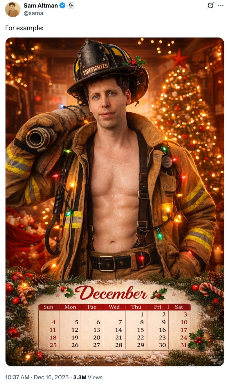 OpenAI released Image 1.5 this week, and it just claimed the #1 spot on LM Arena’s image generation leaderboard. And Sam kindly graced us with his AI-generated abs, because at this point of the year, why not!!
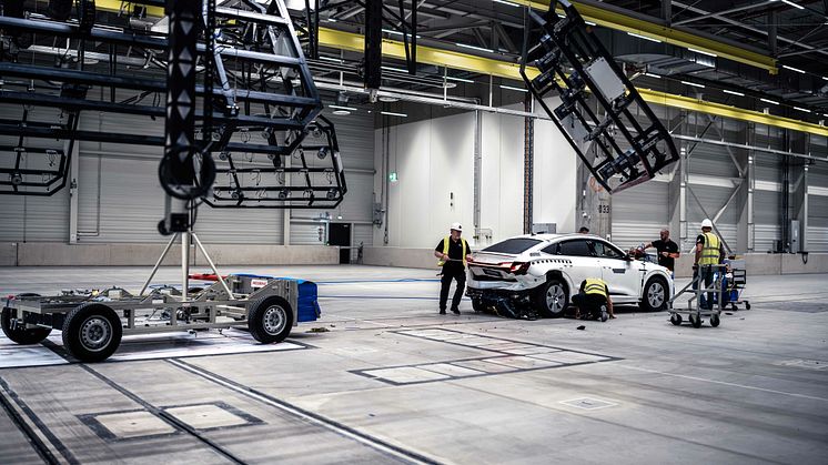 Forberedelser til en kollisionstest i Audi Vehicle Safety Center
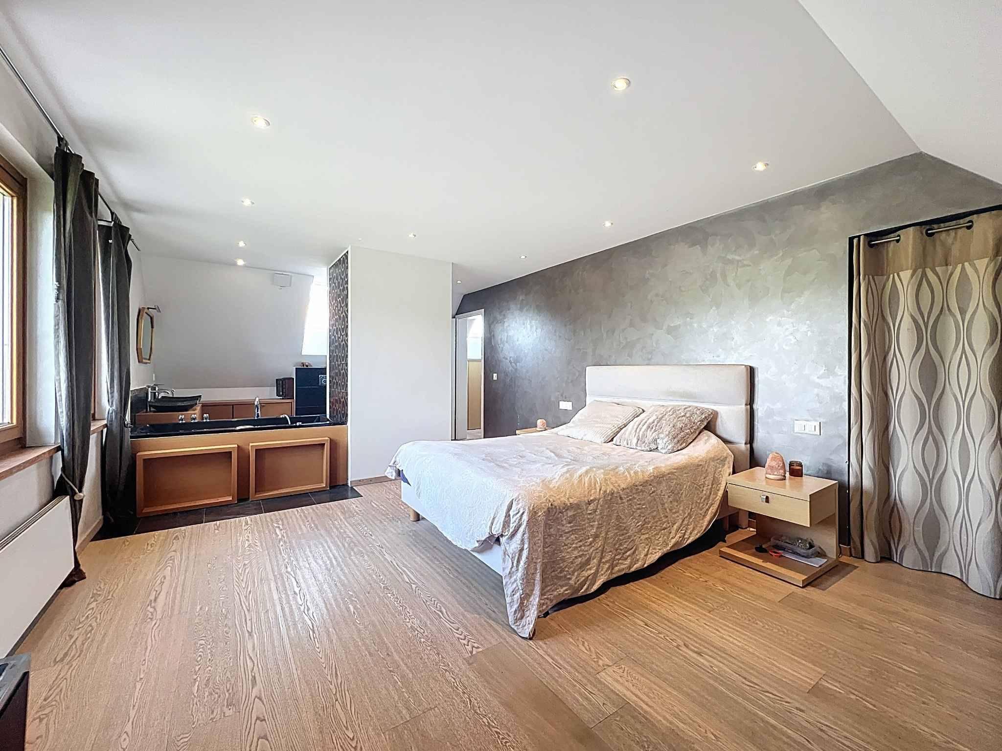 Das Haus mit 250m² Wohnfläche + Keller + ausgebautem Dachgeschoss verfügt über 5 Schlafzimmer, darunter die Master-Suite mit angrenzendem Badezimmer (Badewanne + italienische Dusche). 2 Badezimmer vervollständigen den Schlafbereich.
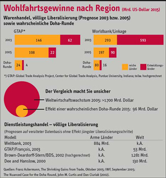 Nennenswerte Vorteile könnten sich allenfalls aus einer Liberalisierung des Dienstleistungshandels ergeben. In dieser Hinsicht unterscheiden sich die Modellergebnisse jedoch gewaltig, was allein schon Zweifel an ihrer Stimmigkeit aufkommen lässt. Da alle diese Prognosen auf einer Datenbasis von 1995 bzw. 1997 beruhen und auch die jüngsten Liberalisierungsschritte nicht berücksichtigen, müssten auch diese Ziffern um einen vielleicht nicht unerheblichen Faktor reduziert werden.
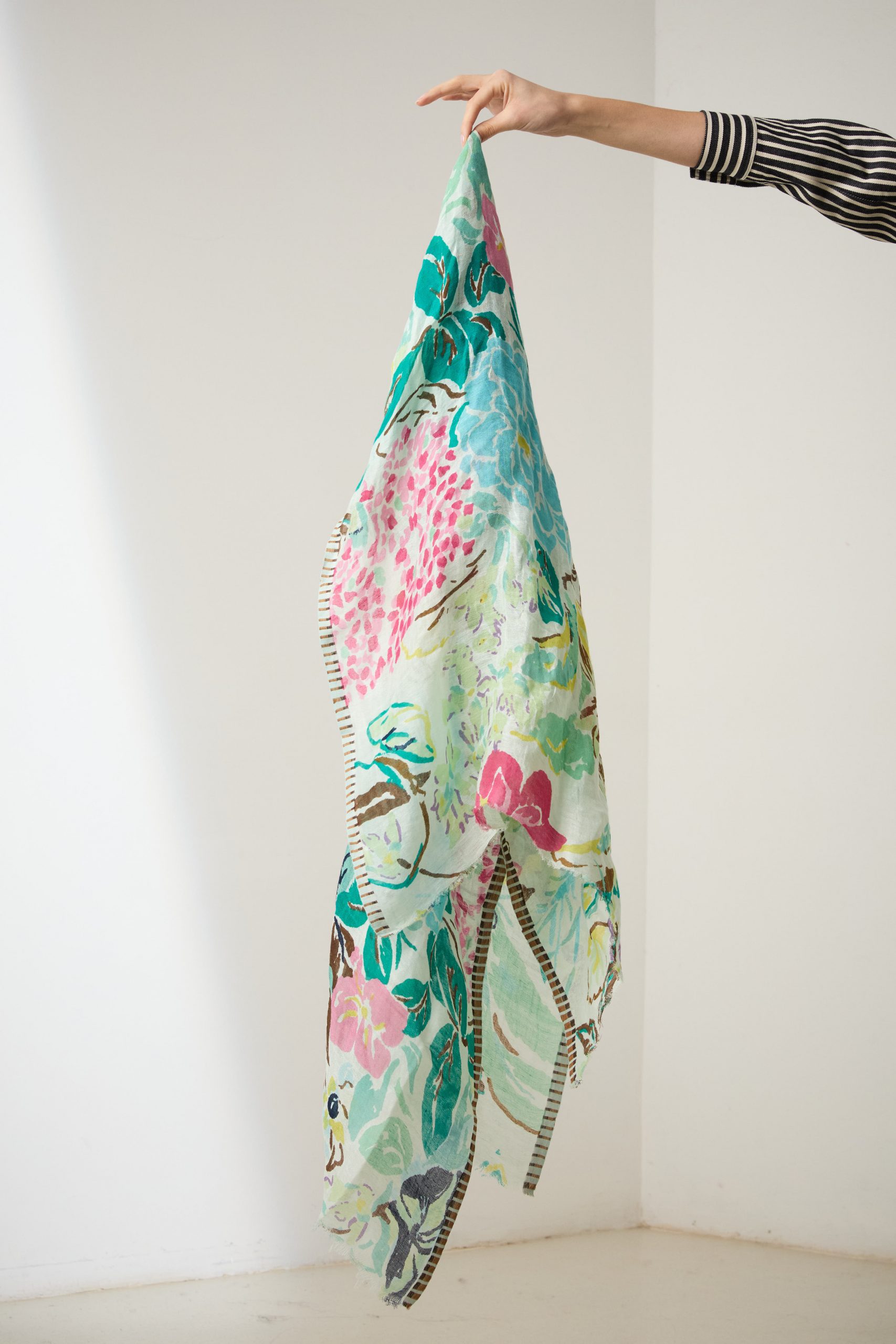 Sciarpa in lino e cotone di Epice stampata con motivo a fiori verde, rosa e azzurro e bordo ricamato a contrasto
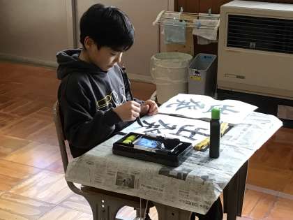 4年生は、書写で「出発」の字を練習しています。力を入れて書いていると、「出」がつい大きくなってしまうこともあるようです。
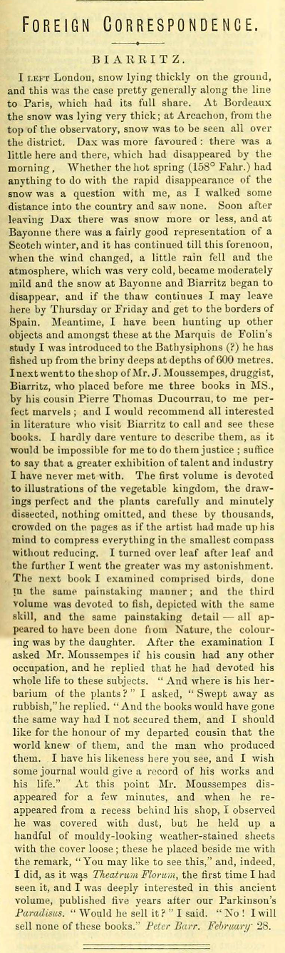 J’ai quitté Londres, une épaisse couche de neige sur le sol, et ce fût quasiment le cas tout le long de la ligne jusqu’à Paris, qui était aussi enneigée. A Bordeaux la couche de neige était épaisse ; à Arcachon, depuis le haut de l’observatoire, on pouvait voir de la neige sur tout le quartier. Dax était plus favorisée : il y en avait un peu ici et là et elle avait disparu le matin. Savoir si le printemps chaud (158° Fahr. ) avait quelque chose à voir avec cette rapide disparition de la neige fût une question pour moi, alors que je parcourais une bonne distance dans la campagne et que je n’en voyais pas. Rapidement après avoir quitté Dax il y avait plus ou moins de neige, et à Bayonne on avait une plutôt bonne représentation de l’hiver écossais. Cela continua jusque dans la matinée, quand le vent changea, une petite pluie tomba et l’atmosphère, qui était très froide, devint relativement douce et la neige à Bayonne et Biarritz commença à disparaître, et si le dégel continue je pourrais partir jeudi ou vendredi et arriver à la frontière espagnole. En attendant, j’ai été à la recherche d’autres objets et parmi eux, à l’étude du Marquis de Folin, j’ai découvert le bathysiphons qu’il a pêché dans les profondeurs salées, à 600m de fond. J’ai ensuite été au magasin de Mr. J. Moussempes, pharmacien à Biarritz, qui a placé devant moi trois livres manuscrits de son cousin Pierre Thomas Ducourrau et qui sont pour moi de pures merveilles. Je recommanderais à tous ceux qui sont intéressés par la littérature et qui visitent Biarritz d’appeler et de voir ces livres. Je n’ose me risquer à les décrire, car il me serait impossible de leur rendre justice ; il suffit de dire que c’est une des plus grandes démonstrations de talent et de travail que je n’ai jamais rencontré. Le premier volume est consacré aux illustrations du règne végétal, de parfaits dessins, avec des plantes attentivement et minutieusement disséquées. Rien n’est oublié, et celles-ci sont entassées par milliers sur des pages comme si l’artiste avait souhaité tout compresser sur la plus petite étendue sans rien réduire. J’ai tourné feuille après feuille et plus j’avançais plus grand fût mon étonnement. Le livre que j’ai examiné ensuite comprenait des oiseaux, réalisés avec la même minutie ; et le troisième volume était consacré aux poissons, décrits avec le même talent et la même rigueur dans le détail - tout avait l’air d’avoir été fait d’après nature, les couleurs avaient été réalisées par la fille. Après examen, j’ai demandé à Mr. Moussempes si son cousin avait une autre activité, et il répondit qu’il avait dévoué sa vie entière à ces sujets. « Où est son herbier des plantes ? » demandais-je, « Jeté avec les ordures » répondit-il. « Et les livres auraient suivi le même chemin si je ne les avais pas sécurisés, et je souhaiterai, en l’honneur de mon cousin disparu, que le monde ait connaissance de ces oeuvres ainsi que de l’homme qui les a produites. J’ai son portrait ici voyez-vous, et j’espère qu’un journal pourra donner un compte-rendu de ses travaux et de sa vie. » A ce moment-là, Mr. Moussempes disparu quelques minutes, et quand il réapparut d’un renfoncement derrière son magasin, j’observai qu’il était couvert de poussière. Il tenait une poignée de feuilles tâchées par le temps et d’apparence moisie avec une couverture molle ; il plaça ceci devant moi en disant, « Vous pourriez aimer voir ceci », et, en effet, j’appréciais, car c’était Theatrum Florum, que je voyais pour la première fois, et j’étais profondément intéressé par cet ancien volume, publié cinq ans après notre Paradisus de Parkinson. « Le vendrait-il ? » demandais-je. « Non ! Je ne vendrai aucun de ces livres. »
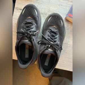 Step into comfort and performance with Hoka's black athletic shoes, designed for those who value both style and functionality. These shoes feature a sleek black upper with breathable panels, ensuring your feet stay cool during intense activities. The durable construction and versatile design make them perfect for both athletic pursuits and casual outings.
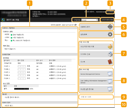 일부 표시 항목 및 기능은 관리자 권한으로 로그인한 경우에만 사용이 가능합니다. 여러 사용자가 리모트 UI를 동시에 작동하거나 기기의 조작 패널이 리모트 UI와 동시에 작동될 경우 수행된 마지막 작업이 유효합니다. |

## Work instruction
Say again, exactly, only those lines of the records that run from the start through the line with "Forberedelser til en". Pictures are to be skipped.

## Finished exercise
 OpenAI released Image 1.5 this week, and it just claimed the #1 spot on LM Arena’s image generation leaderboard. And Sam kindly graced us with his AI-generated abs, because at this point of the year, why not!!
 Forberedelser til en kollisionstest i Audi Vehicle Safety Center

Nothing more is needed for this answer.